= Henry Bayntun (died 1672) =

English politician (1621–1672)

Henry Bayntun (1621–1672) was an English politician who sat in the House of Commons between 1661 and 1672.

Bayntun, baptised 14 November 1621, was the son of Sir Edward Bayntun of Bromham, Wiltshire and his first wife Elizabeth Maynard, daughter of Sir Henry Maynard of Eaton, Essex. He matriculated at St John's College, Oxford on 7 December 1638, aged 14. He travelled abroad from 1640 to 1643 and was a captain of horse in the Royalist army from 1643 to 1644.
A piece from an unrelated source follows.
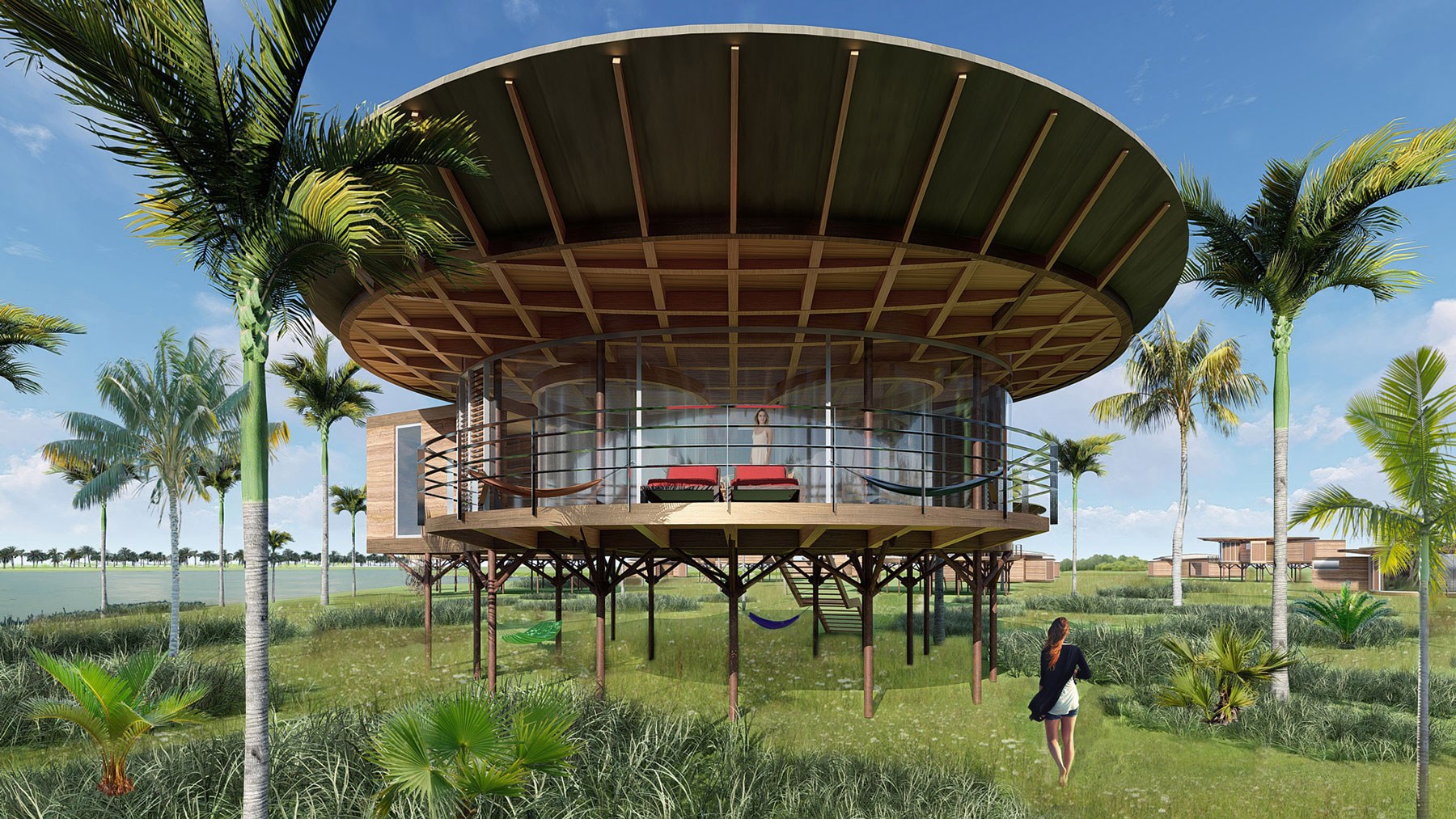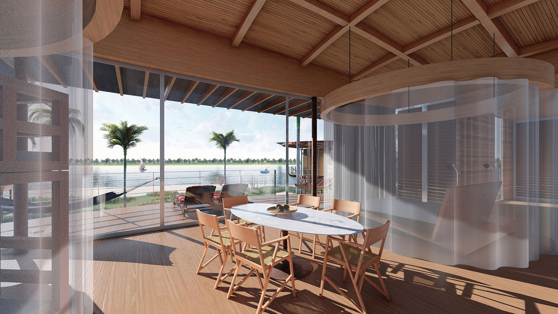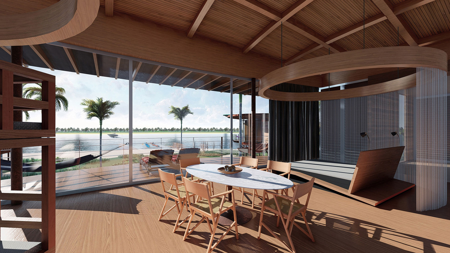 A bangalow with full amenities for guests is the idea behind this design. An elliptical focal space, 50 square metres in area contains a custom designed couple’s bed with desk , a dining table for 6 people and access to complementary areas such as a generous verandah protected by the roof´s big overhang. A complementary space with bathroom and another one with a living/tv/kitchen are boxy for optimal practical use and the overall composition follow the concept of service and serviced areas.

In 1661, Bayntun was elected Member of Parliament for Chippenham for the Cavalier Parliament in a double return. He was allowed to sit on the merits of the return until the election was declared void a month later. He was then re-elected as MP for Chippenham.

Bayntun died at the age of about 50 and was buried at Bromham on 10 November 1672.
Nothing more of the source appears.